For me, this situation seems to be less confusing than special-casing, because auto-deref should work for the majority of cases, while the special-casing breaks whenever there is any expression. Also, wrapper type doesn't allow the code to be incorrect in a subtle way, like the special-casing does.

tyranron avatar Jul 01 '24 12:07 tyranron

For me, this situation seems to be less confusing than special-casing, because auto-deref should work for the majority of cases

I think a fairly common case that would be much more difficult is doing some arithmetic with one of the arguments:

use ::core;
use core::fmt::{Debug, Formatter, Result, Write, Pointer};
use core::prelude::v1::*;


#[repr(transparent)]
pub struct PtrWrapper<T> (pub T);

impl<T: Pointer> Pointer for PtrWrapper<&T> {
    fn fmt(&self, f: &mut Formatter<'_>) -> Result {
        (*self.0).fmt(f)
    }
}

impl<T> ::core::ops::Deref for PtrWrapper<&T> {
    type Target = T;

    fn deref(&self) -> &Self::Target {
        self.0
    }
}

fn main() {
    let a : i32 = 123;
    let a = PtrWrapper(&a);

    println!("{:?}", a * 2)
}

Instead of that "just working" you now get the following error, which doesn't even give the hint that dereferencing might help:

error[E0369]: cannot multiply `PtrWrapper<&i32>` by `{integer}`
   --> src/main.rs:27:24
    |
27  |     println!("{:?}", a * 2)
    |                      - ^ - {integer}
    |                      |
    |                      PtrWrapper<&i32>
    |
note: an implementation of `Mul<{integer}>` might be missing for `PtrWrapper<&i32>`
   --> src/main.rs:7:1
    |
7   | pub struct PtrWrapper<T> (pub T);
    | ^^^^^^^^^^^^^^^^^^^^^^^^ must implement `Mul<{integer}>`
note: the trait `Mul` must be implemented
   --> /playground/.rustup/toolchains/stable-x86_64-unknown-linux-gnu/lib/rustlib/src/rust/library/core/src/ops/arith.rs:317:1
    |
317 | pub trait Mul<Rhs = Self> {
    | ^^^^^^^^^^^^^^^^^^^^^^^^^

while the special-casing breaks whenever there is any expression.

It really only impacts the Pointer formatter, everything else is not impacted. I think using the Pointer formatter is rare enough that we shouldn't make the ergonomics for other formatters worse.

Also, wrapper type doesn't allow the code to be incorrect in a subtle way, like the special-casing does.

That is true, but again. This only impacts the Pointer formatter. And really I cannot think of any reason to use the Pointer formatter for anything else than one of the fields, or self. So if we special case those, then I don't think anyone will ever get subtly incorrect code. Also worst case, they print the wrong pointer, which is unlikely to be a life-or-death mistake.

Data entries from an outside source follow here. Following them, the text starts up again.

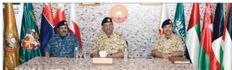
• القائد العام في زيارة الكلية الملكية للقيادة والأركان والدفاع الوطني

إلى أن الكلية الملكية للقيادة والأركان والدفاع الوطني تسخر إمكاناتها كافة؛ لتقديم أعلى مستويات التأهيل العسكري لتخريج دفعات متتالية من القادة والضباط المؤهلين أكاديمياً وعسكرياً وإعدادهم الإعداد الأمثل وصلقلهم بالعلم والمعرفة؛ للمساهمة في متابعة عمليات التحديث والتطوير بقوة دفاع البحرين.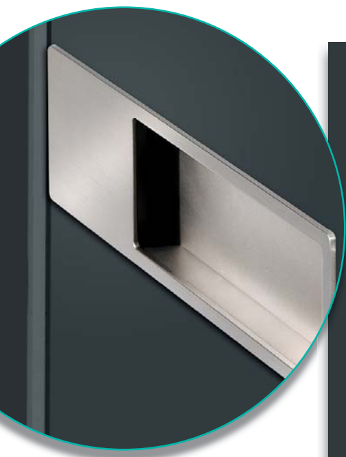
| Detail | Edelstahl Griffschale V 103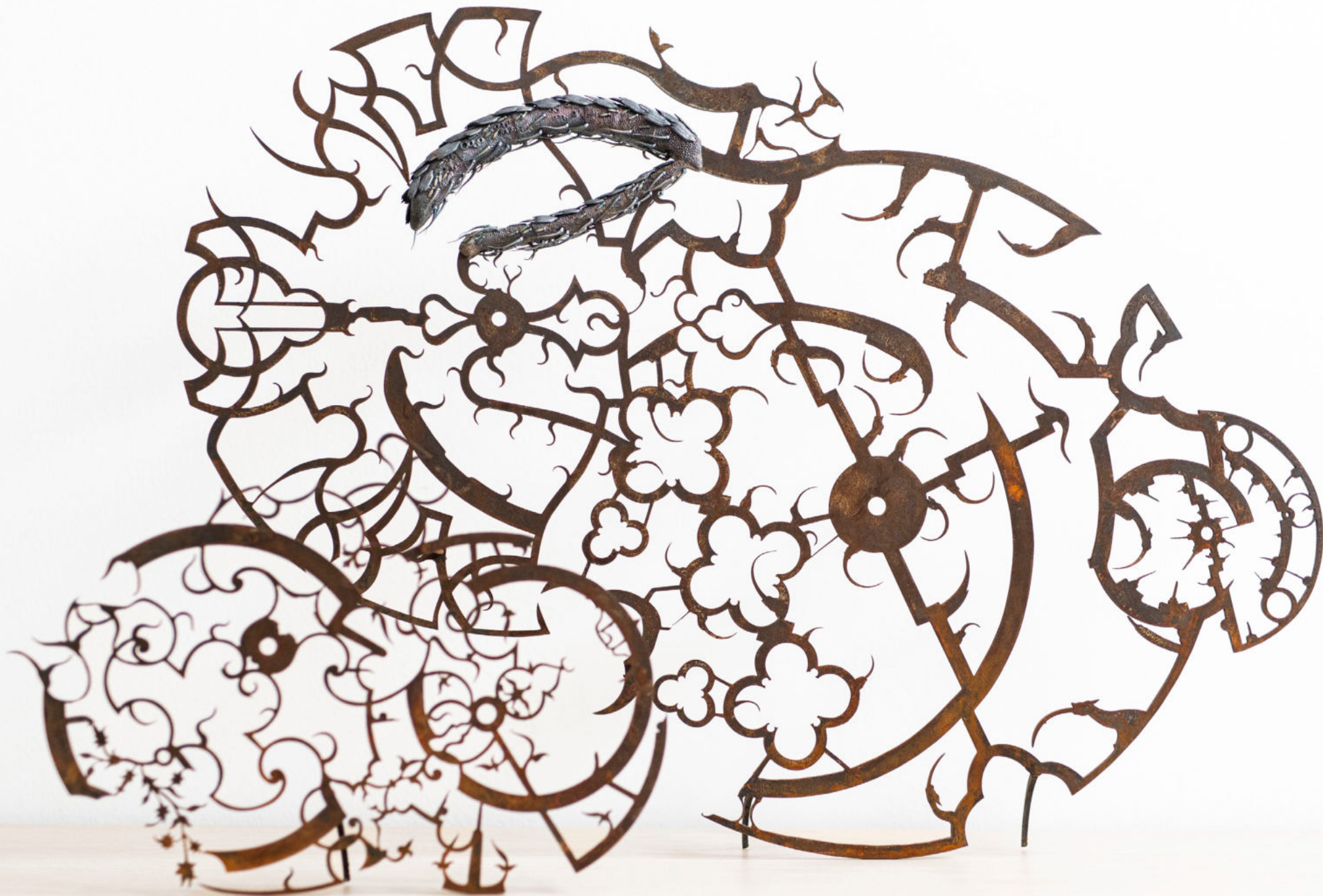
La Distorsione di Mercatore 2023 acciaio corten, argento, 80 x 65 x 22 cm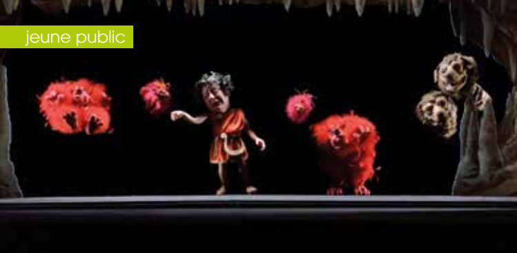
► Petite balade aux enfers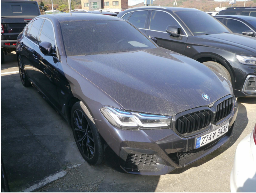
본건 차량 우측 전면부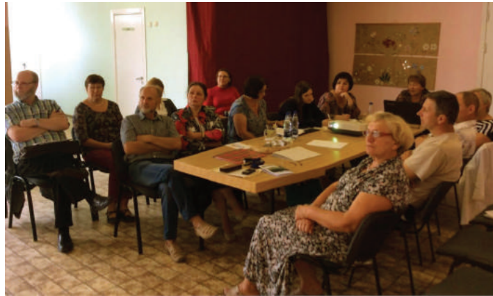
Svečiuose vedantieji šalies ekologai-mokslininkai. 2016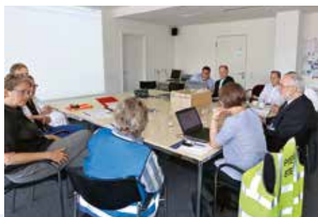
Der Krisenstab aus Vorstand, Medizin- und Strukturplanung, ärztlichen Leitern, IT, Sicherheit und Unternehmenskommunikation tagt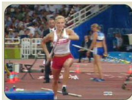
INICIO DE LA CARRERA

La pértiga irá descendiendo progresivamente hasta ponerse de forma paralela al suelo a medida que el saltador se acerca al cajetín.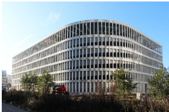
Parking Silo / GaP Architectes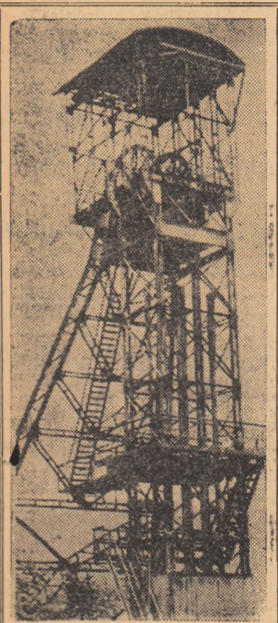
Construită din metal, turla puțului se înalță spre zărilor albastre. Deși e auxiliar, puțul din clișeu face zi și noapte legătura dintre suprafață și adîncurile minei Petrila.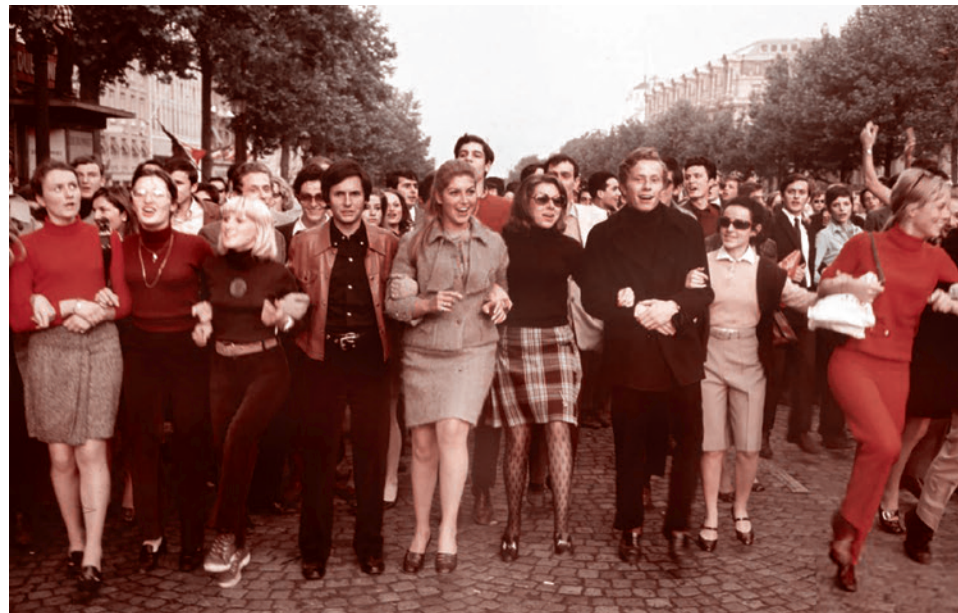
Майские события во Франции 1968 года

Классическая русская журналистика XIX века не имеет ничего общего с западной. Она в полной мере продолжает «мессианство» русской литературы, для которой Слово и впрямь было Бог.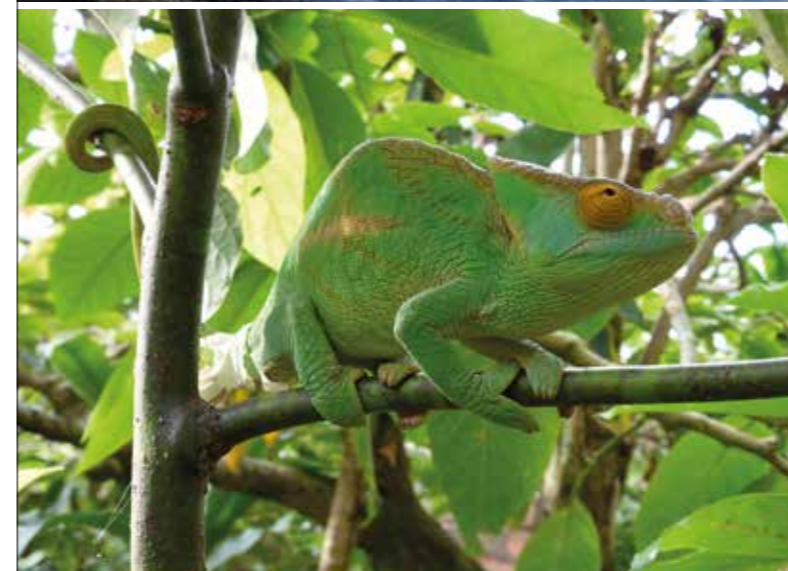
Quelle émotion submerge ce caméléon pour nous offrir cette magnifique couleur verte de l'arbre qui l'abrite ?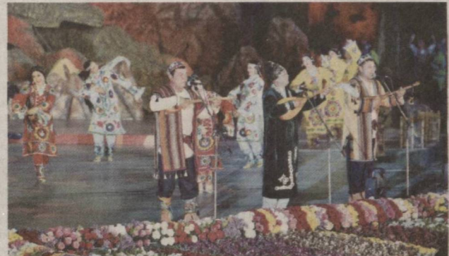
Хабар қилинганидек, Термиз шаҳрида 6 апрель куни Халқаро бахшичилик санъати фестивалининг тантанали очилиш маросими бўлиб ўтди.

Азиз ватандошлар! Бугунги санъат ва нафосат байрами баланд савияда ўтказиш учун астойдил меҳнат қилган барча-барча инсонларга, меҳмондўст ва олижаноб Сурхондарё аҳлига чин юракдан ташаккур билдиришга руҳсат этгайсиз. Барчангизга сийҳат-саломатлик, оилавий бахт, янги ютуқлар ёр бўлсин! Эътиборингиз учун раҳмат.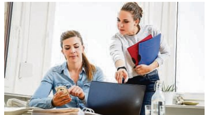
Sich durch eine Reihe an Fragen geklickt und schon steht fest: Sie sollten Anwältin werden? So eindeutig sind Interessentests im Internet meist nicht.

Wer auf sich aufmerksam machen möchte, sollte solche Netzwerke als Datenbanken denken und Schlüsselwörter klug wählen. tmn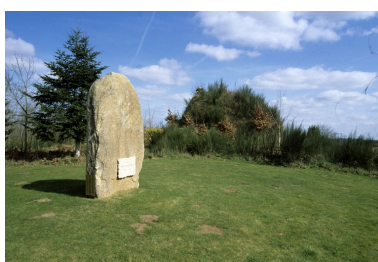
Tumulus, motte ? Vue générale ouest. IVR53_19995600394ZA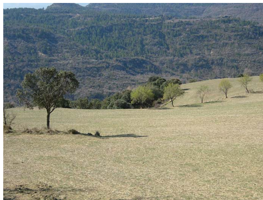
Figura 20.16: La Terreta sorprèn pels contrastos entre els colors i textures dels camps i les seves àrees forestals, d'una varietat sorprenent

Al sud de Claramunt, la Terreta guanya en vivesa i alternança de colors, on una combinació molt interessant de floració primaveral d'ametllers i plantes aromàtiques, contrasta amb els colors de tardor que aporten els caducifolis que revifen entre els camps i les pastures abandonades. A l'extrem nord, en canvi, la roca nua es combina amb els secans de cereal i impregnen l'atmosfera d'una intensa olor a rostoll, just després de la sega, o a herba dallada allà on arriba el regadiu. Els patrons del paisatge es concentren precisament en aquest sector septentrional sota la presència immutable dels conglomerats rogencs de les roques de Castellet.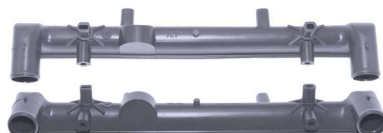
769 / Gol G5 Similar Denso Superior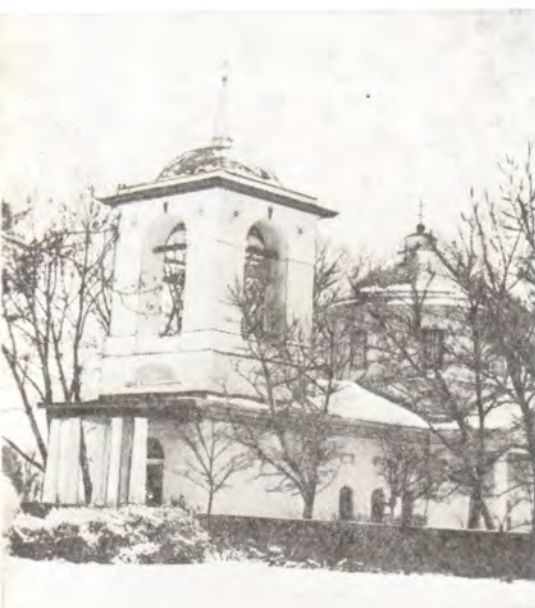
Михайловский храм в с. Безугловке Нежинского района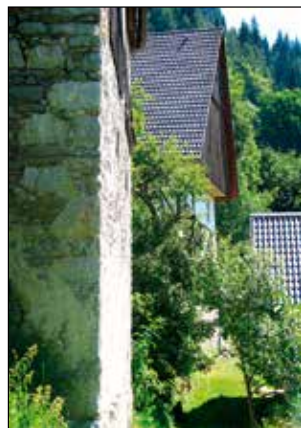
Domačija Zgornjega Trojarja.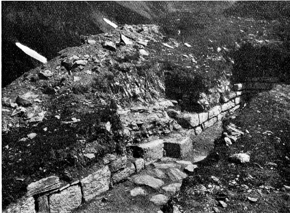
Abb. 3. Ostwand des Nordraumes. Mauermantel, Mauerkern, Sockel, Steinplatten-Bodenbelag.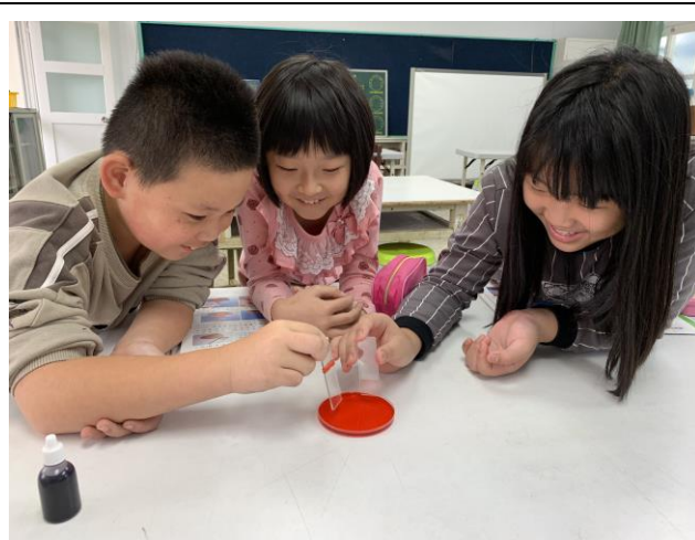
自然課-水的移動單元實驗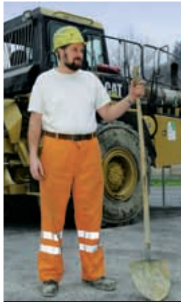
Indossare sempre una maglietta (T-Shirt).

SBV Schweizerischer Baumeisterverband SSE Société Suisse des Entrepreneurs SSIC Società Svizzera degli Impresari-Costruttori Societat Svizra dals Impresaris-Constructurs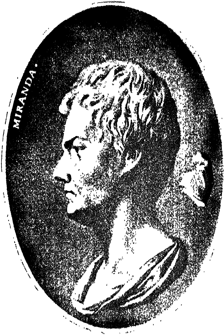
फ्रांसिस्को दे मिरांदा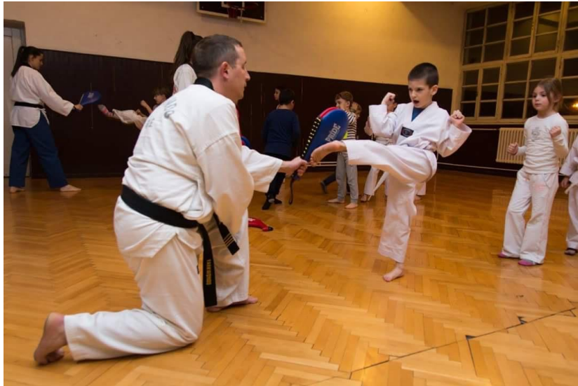
Slika 16. Specijalizirani sportski program: taekwondo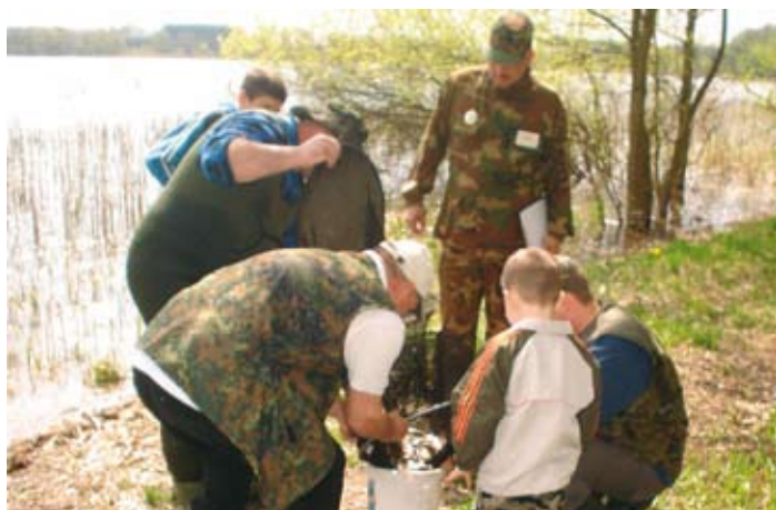
Splawikowe Zawody Wędkarskie nad jeziorem Rościńskim.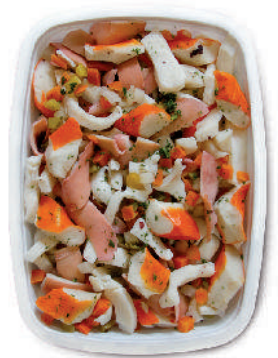
INSALATA DI MARE CON VERDURE cod.103

Seafood Salad with vegetables Meeresfrüchtesalat mit Gemüse Salade de Fruits de Mer avec légumes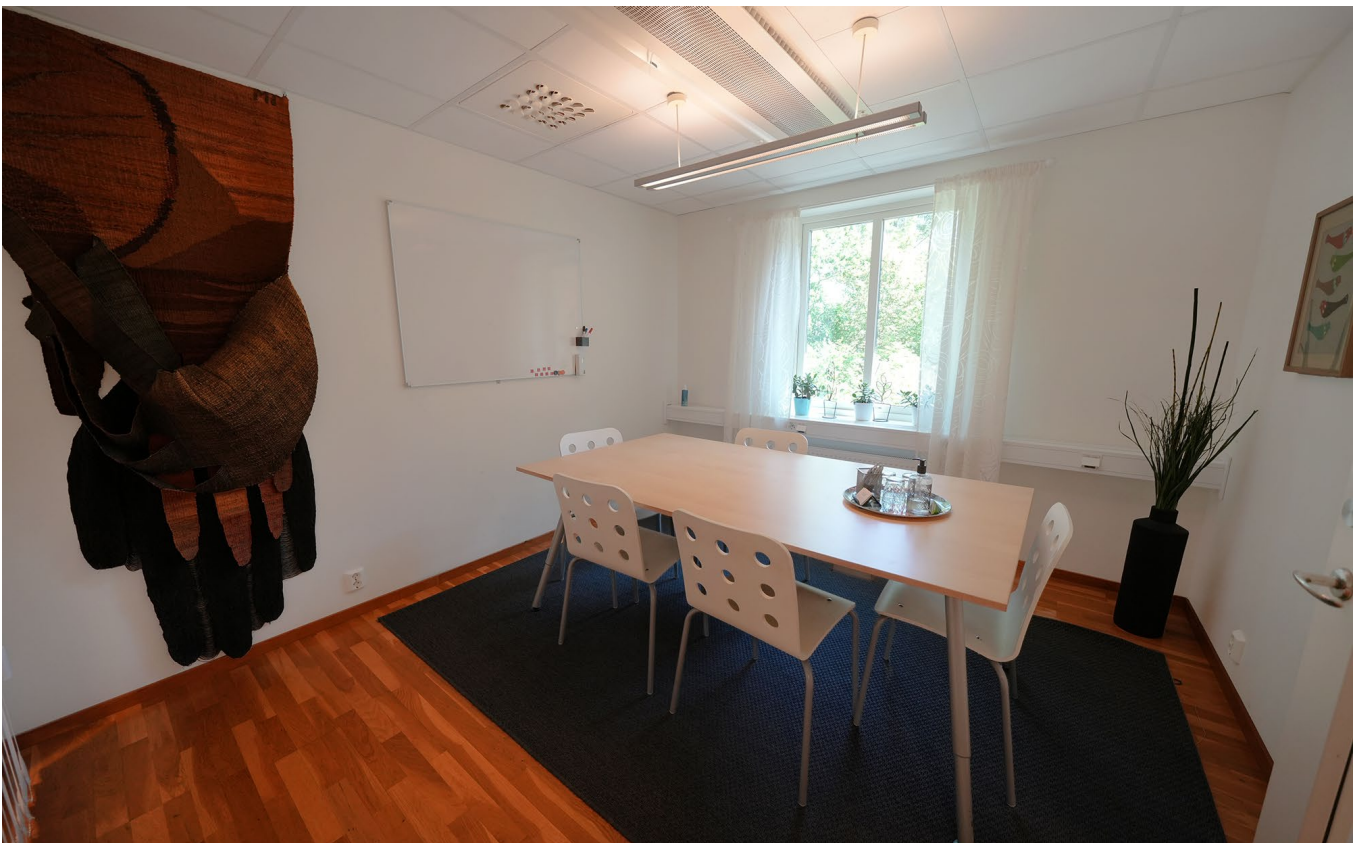
Kontorsrummet, utsikt, konferensrum.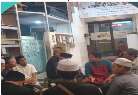
Gambar 8. Diskusi Peningkatan Kegiatan Keagamaan Dengan Ikatan Remaja Masjid

Keterlibatan Ikatan Remaja Masjid dalam meningkatkan aktivitas keagamaan tidak bisa dilepaskan dari kontribusi ide-ide yang mereka berikan. Hal ini sejalan dengan pendapat (Syamsi, 2014) yang menyatakan bahwa partisipasi juga dapat berupa pemikiran, seperti saran dan masukan terhadap program kegiatan. Beragam gagasan telah diajukan oleh Ikatan Remaja Masjid guna mendukung peningkatan kegiatan keagamaan di tengah Masyarakat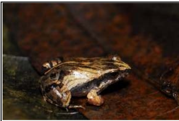
Foto 89 - Physalaemus albifrons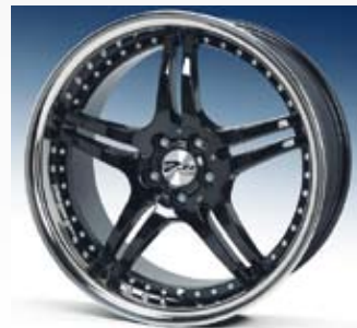
Zito Titan är en svart fälg med rostfri kant och finns i 17, 18 och 19 tum.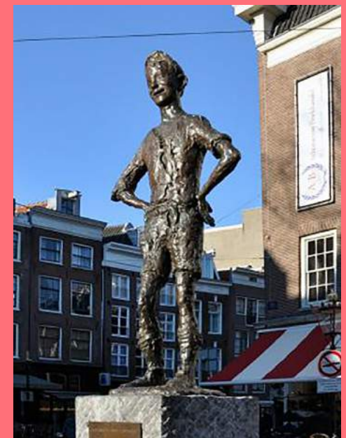
Voorbeelden van bloembakke, vuilnis en straatmeubilair bij kunstwerken in de binnenstad (2021)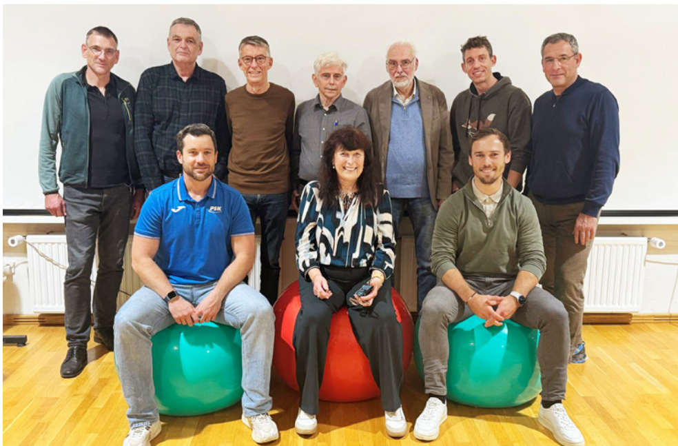
Aufsichtsrat und Geschäftsführung

kündigungsrecht zum 31. Dezember 2025 wurde eingeräumt.

JelteF avatar Jul 01 '24 20:07 JelteF

Closing this one in favor if #381

JelteF avatar Jul 04 '24 15:07 JelteF

@JelteF sorry for bringing this up again, but I have more thoughts about it.

This only impacts the Pointer formatter.

We could try leveraging this fact.

Does the following algo makes sense?

  1. We detect all the placeholders using :p, which is trivial.
  2. We wrap all the expressions going into these placeholders with PtrWrapper:
    • for positional arguments (like ("{:p}", whathever)) this is trivial by expanding to ("{:p}", PtrWrapper(whathever))
    • for named arguments outside the formatting expression (like ("{whathever:p}")) this is a bit trickier, because we need to introduce an additional binding in the scope like let _p_whathever = PtrWrapper(whatever); and substitute the name in the expansion to it ("{_p_whathever:p}").

This way, we use the PtrWrapper in a fine-grained way only for the fmt::Pointer formatting, without involving it into operations with other traits at all. Any complex expression (for any reason the caller might want it for :p formatting) goes inside the PtrWrapper() anyway, so we do not mess up its semantic in any way.

tyranron avatar Jul 25 '24 15:07 tyranron

Okay I played around with that idea a bit more, but I cannot get it to do the thing you say it should do for anything but the most basic expression.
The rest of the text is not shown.